Story from InfoPlease
by Holly Hartman

Chinese New Year is the longest and most important celebration in the Chinese calendar. The Chinese year 4710 begins on Jan. 23, 2012.

Chinese months are reckoned by the lunar calendar, with each month beginning on the darkest day. New Year festivities traditionally start on the first day of the month and continue until the fifteenth, when the moon is brightest. In China, people may take weeks of holiday from work to prepare for and celebrate the New Year.

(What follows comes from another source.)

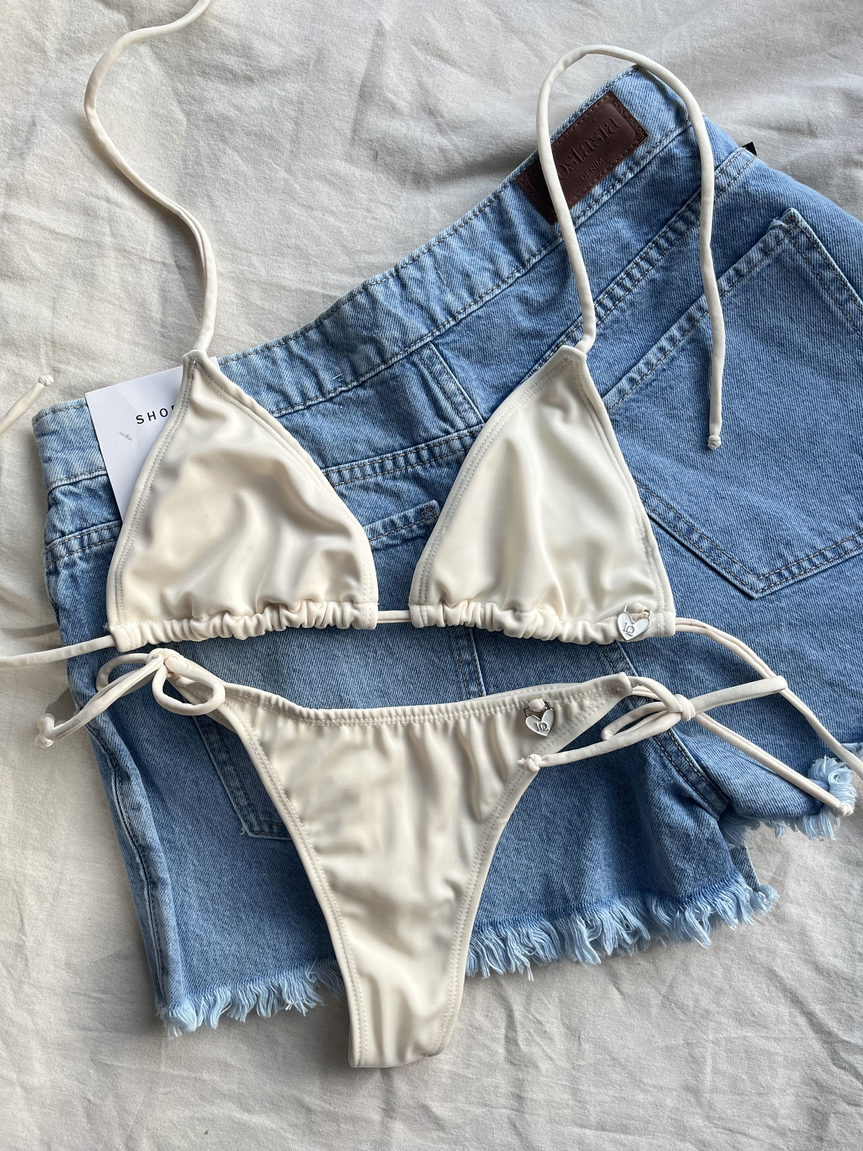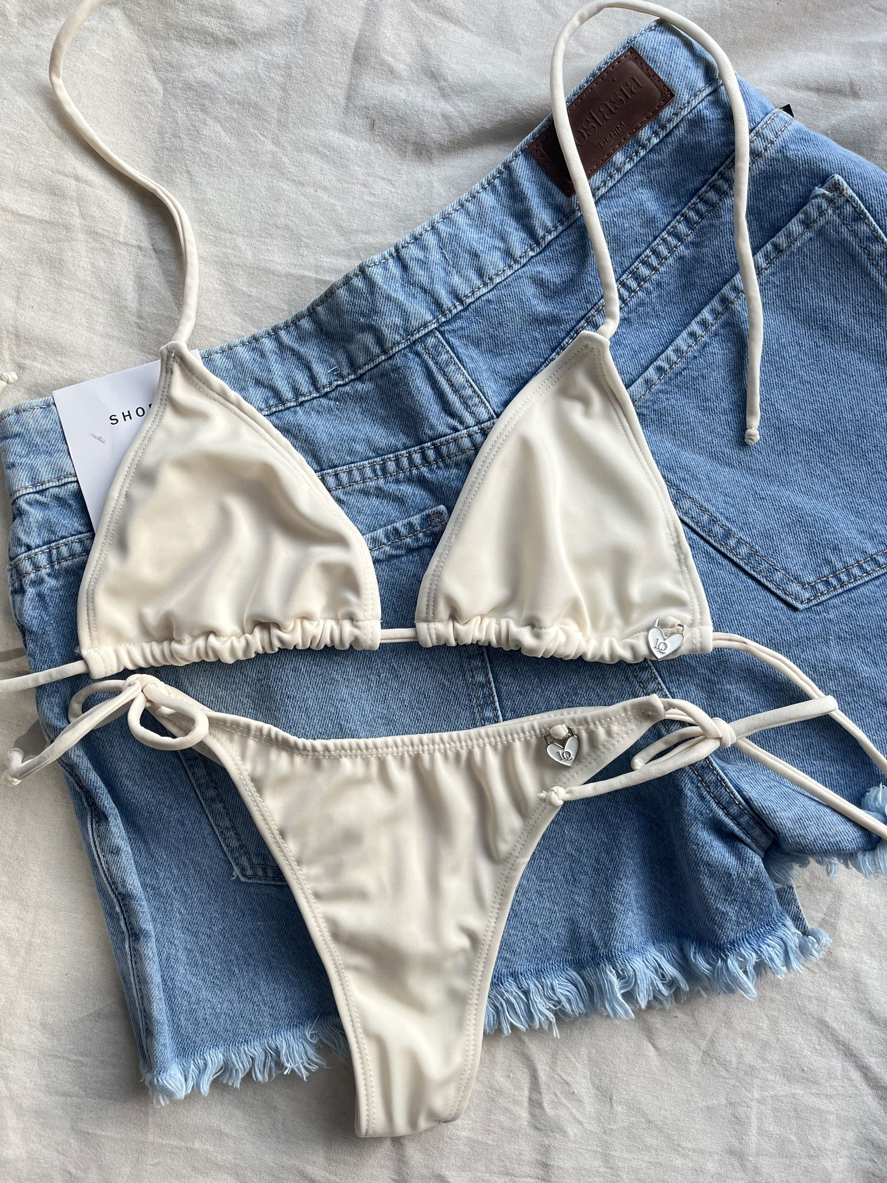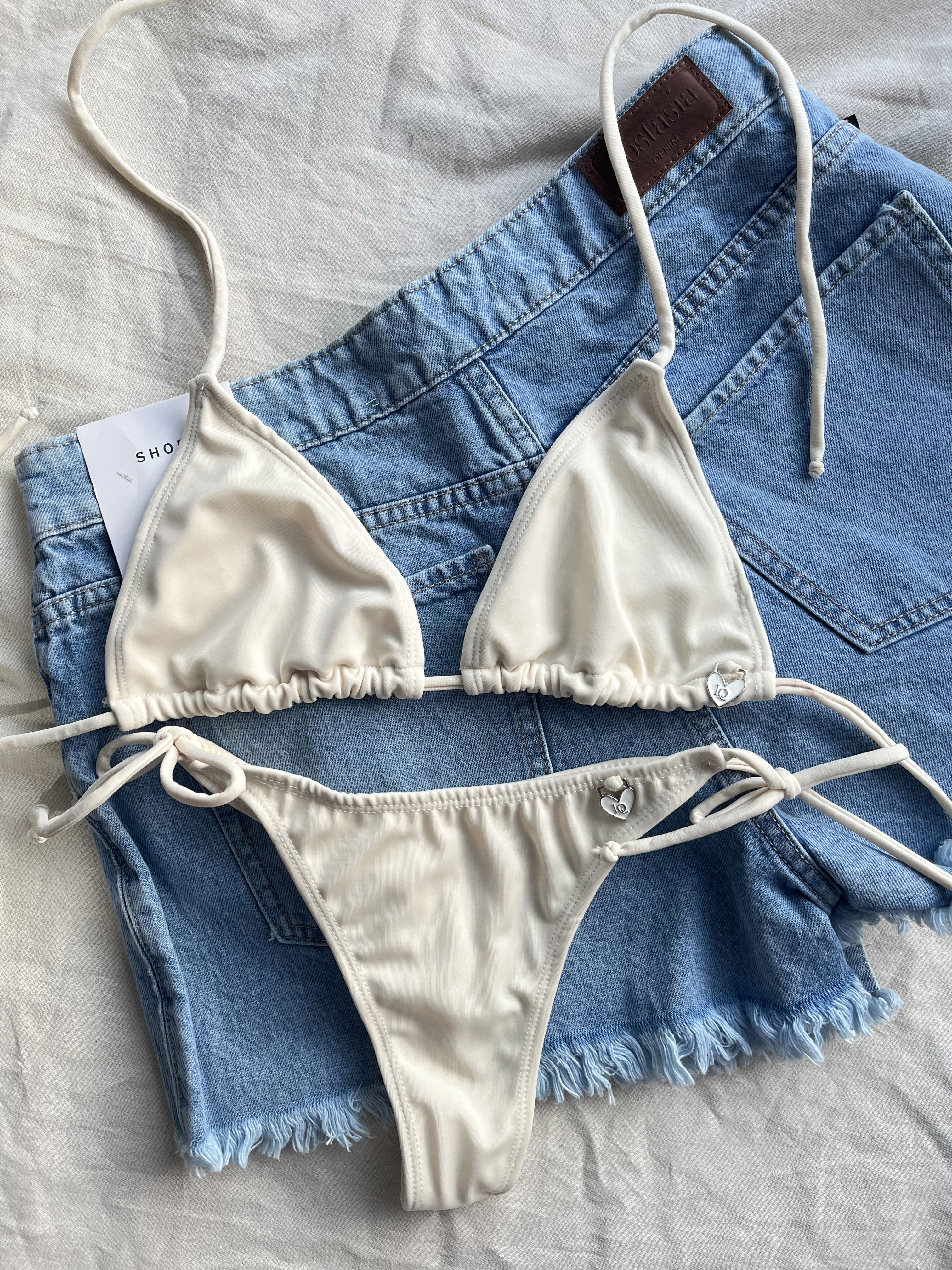 Triángulito en tricot y colaless con tiras para atar. Doble forreria y la abertura para agregarle rellenitos.

Breathing Fire into the New Year

Legend has it that in ancient times, Buddha asked all the animals to meet him on Chinese New Year. Twelve came, and Buddha named a year after each one. He announced that the people born in each animal’s year would have some of that animal’s personality. Those born in dragon years are innovative, brave, and passionate. Salvador Dali, John Lennon, and Mary-Louise Parker were all born in the year of the dragon.
Read more: Chinese New Year: 2012

More from TheHistoryChannel: The Chinese New Year, or Spring Festival as it’s been called since the 20th century, remains the most important social and economic holiday in China. Originally tied to the lunar-solar Chinese calendar, the holiday was a time to honor household and heavenly deities as well as ancestors. It was also a time to bring family together for feasting. With the popular adoption in China of the Western calendar in 1912, the Chinese joined in celebrating January 1 as New Year’s Day. China, however, continues to celebrate the traditional Chinese New Year, although in a shorter version with a new name–the Spring Festival. Significantly, younger generations of Chinese now observe the holiday in a very different manner from their ancestors. For some young people, the holiday has evolved from an opportunity to renew family ties to a chance for relaxation from work.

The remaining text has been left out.